Abstract

Fake News Detection (FND) is an essential field in natural language processing that aims to identify and check the truthfulness of significant claims in a news article to decide the news veracity. FND finds its uses in preventing social, political, and national damage caused due to the misrepresentation of facts that may harm a particular section of society. Further, with the explosive rise in fake news dissemination over social media, including images and text, it has become imperative to identify fake news faster and more accurately. This work investigates a novel multimodal stacked ensemble-based framework (SEMI-FND) for fake news detection. Focus is also kept on ensuring faster performance with fewer parameters. A deep unimodal analysis is done on the image modality to identify NasNet Mobile as the most appropriate model to improve multimodal performance further.

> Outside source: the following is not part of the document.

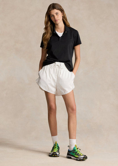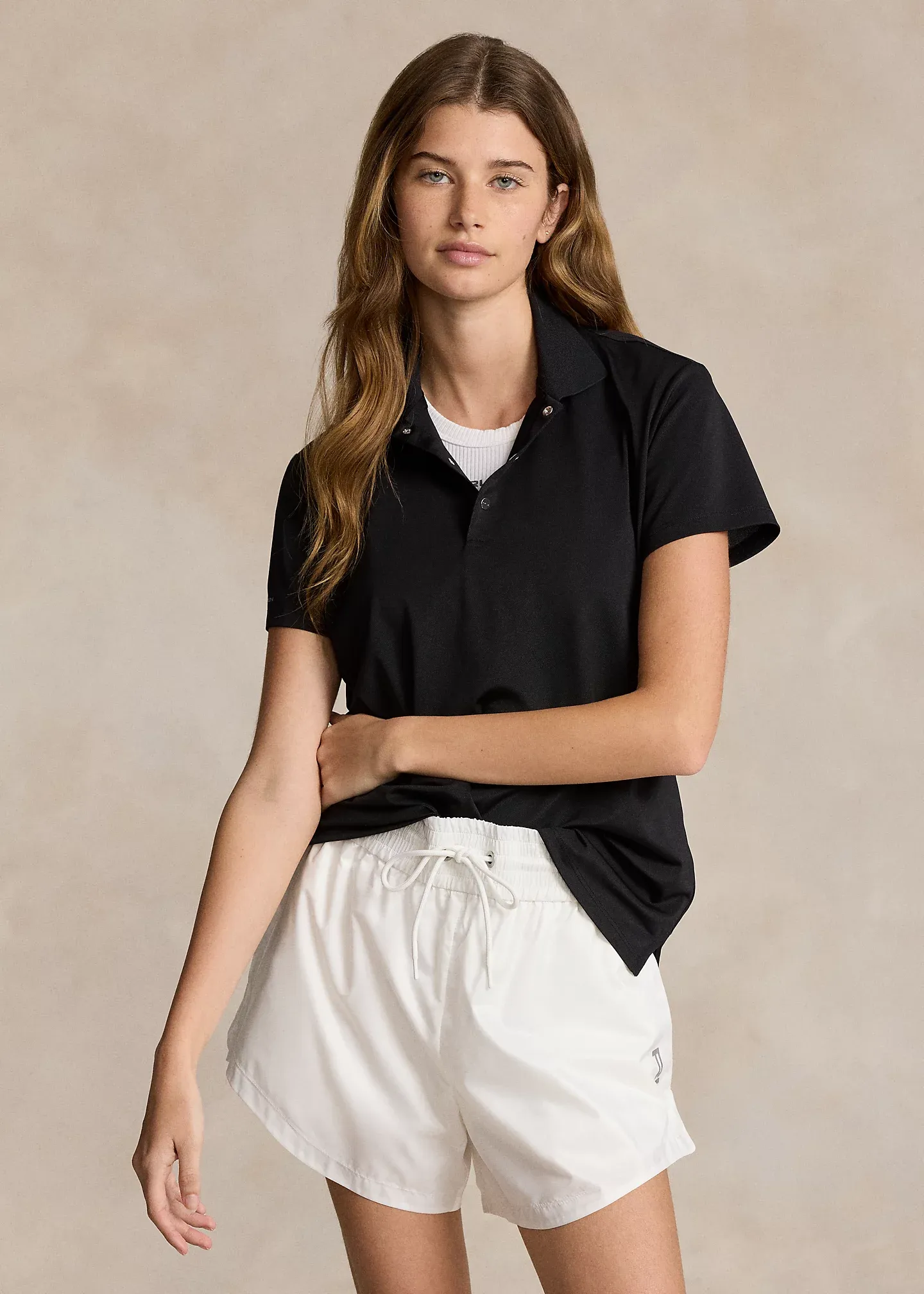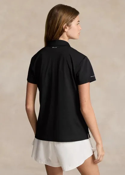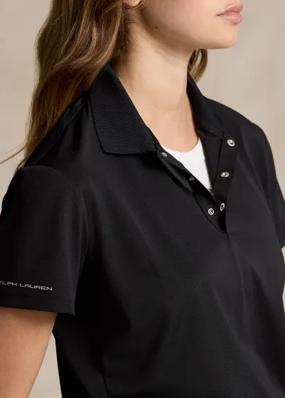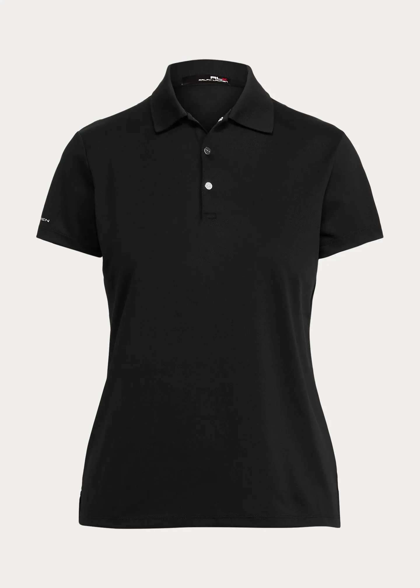 - Ribbed Polo collar. Three-snap placket. Signature "RLX" metal snaps. "RLX" printed at the center back of the neck.

For text, an ensemble of BERT and ELECTRA has been used. The approach was evaluated on Twitter MediaEval Dataset and Weibo Corpus. The suggested framework offered 85.80% and 86.83% accuracy on the Twitter and Weibo datasets. These reported metrics are superior when compared to similar recent works. This work also reports a reduction in training parameters compared to its potential counterparts. The developed framework offered an overall parameter reduction of at least 20% with a 2% and 60% reduction on the image and text modality, respectively. Therefore, based on the investigations presented, it is concluded that applying a stacked ensembling significantly improves FND over other approaches while also improving speed.